Task directions – The lines below from the one with "- Петуния. Эта" up to and including the one with "멜라민 원형 접시 상업용" are what you should set down, exactly and without pictures.

Source data –
========
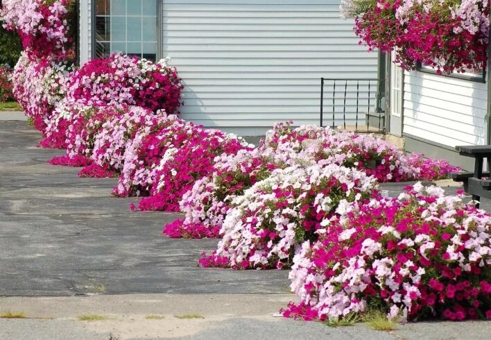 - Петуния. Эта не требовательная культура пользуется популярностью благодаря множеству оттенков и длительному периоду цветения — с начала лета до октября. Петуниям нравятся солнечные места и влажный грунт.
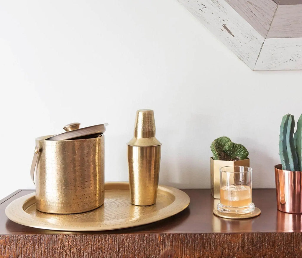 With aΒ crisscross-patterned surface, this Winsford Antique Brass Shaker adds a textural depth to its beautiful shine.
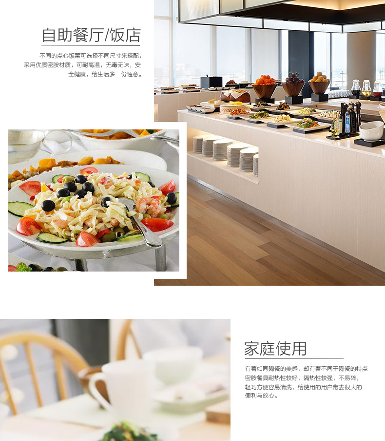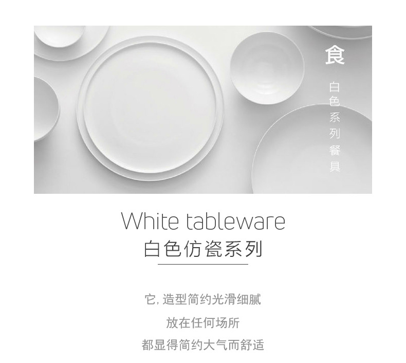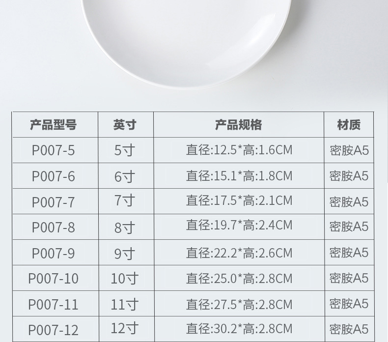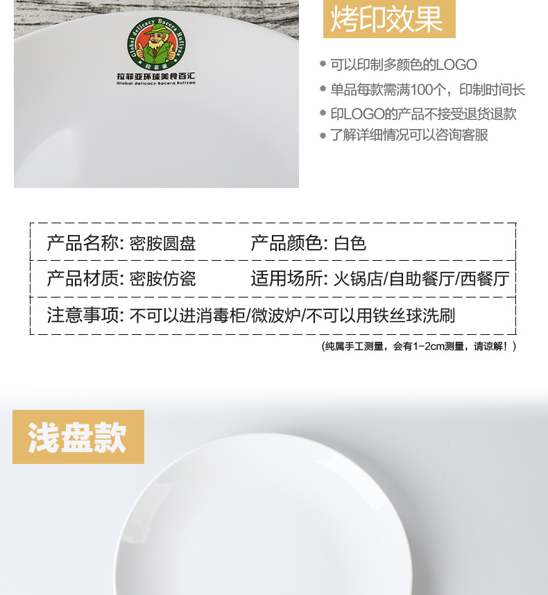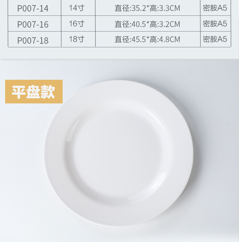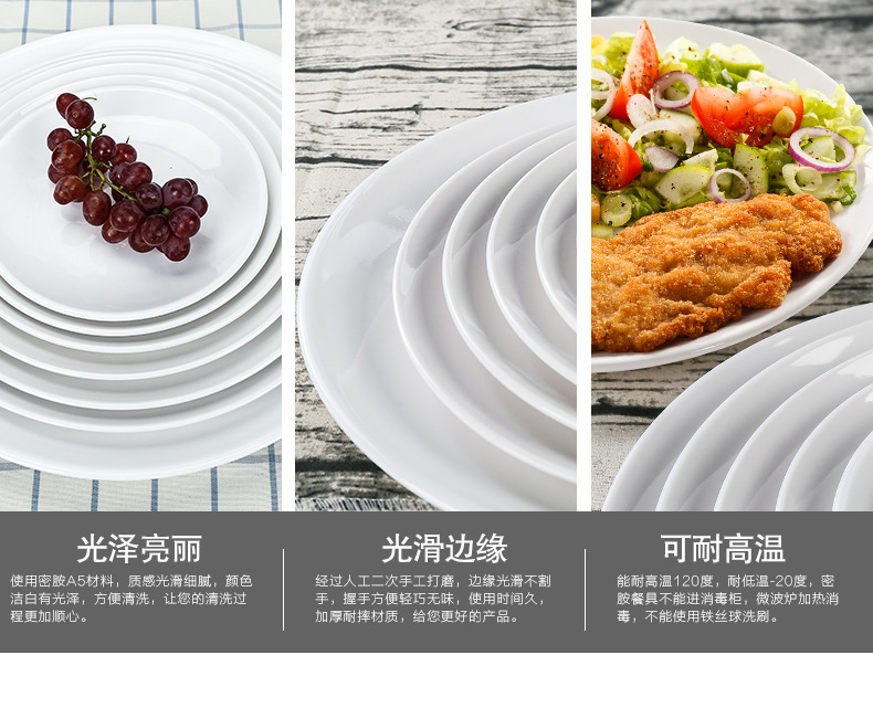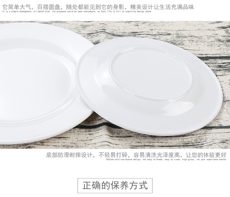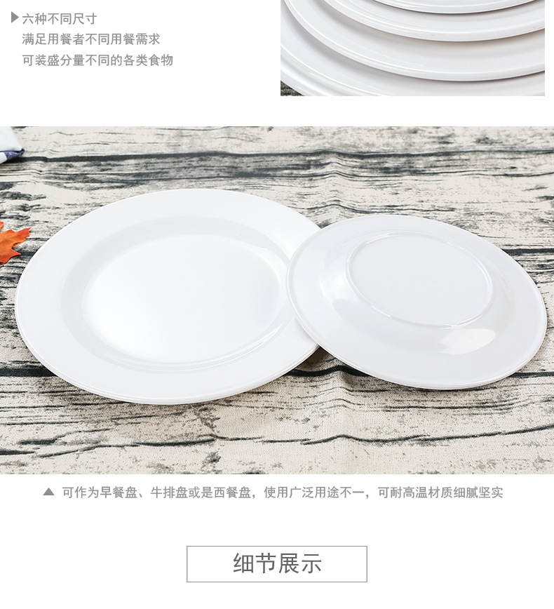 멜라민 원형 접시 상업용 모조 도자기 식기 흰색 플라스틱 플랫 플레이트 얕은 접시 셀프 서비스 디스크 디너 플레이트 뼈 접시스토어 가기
========
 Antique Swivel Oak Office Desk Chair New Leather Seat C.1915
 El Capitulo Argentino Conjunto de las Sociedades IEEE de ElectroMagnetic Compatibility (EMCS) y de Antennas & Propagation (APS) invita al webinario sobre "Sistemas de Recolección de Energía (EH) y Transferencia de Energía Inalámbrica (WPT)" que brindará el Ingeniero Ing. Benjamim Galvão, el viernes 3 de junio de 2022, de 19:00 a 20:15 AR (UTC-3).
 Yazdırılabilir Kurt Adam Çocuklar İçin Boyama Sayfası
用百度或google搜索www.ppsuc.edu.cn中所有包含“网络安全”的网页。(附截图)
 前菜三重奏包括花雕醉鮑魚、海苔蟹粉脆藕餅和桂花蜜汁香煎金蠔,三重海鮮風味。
========
Response area –
 - Петуния. Эта не требовательная культура пользуется популярностью благодаря множеству оттенков и длительному периоду цветения — с начала лета до октября. Петуниям нравятся солнечные места и влажный грунт.
 With aΒ crisscross-patterned surface, this Winsford Antique Brass Shaker adds a textural depth to its beautiful shine.
 멜라민 원형 접시 상업용 모조 도자기 식기 흰색 플라스틱 플랫 플레이트 얕은 접시 셀프 서비스 디스크 디너 플레이트 뼈 접시스토어 가기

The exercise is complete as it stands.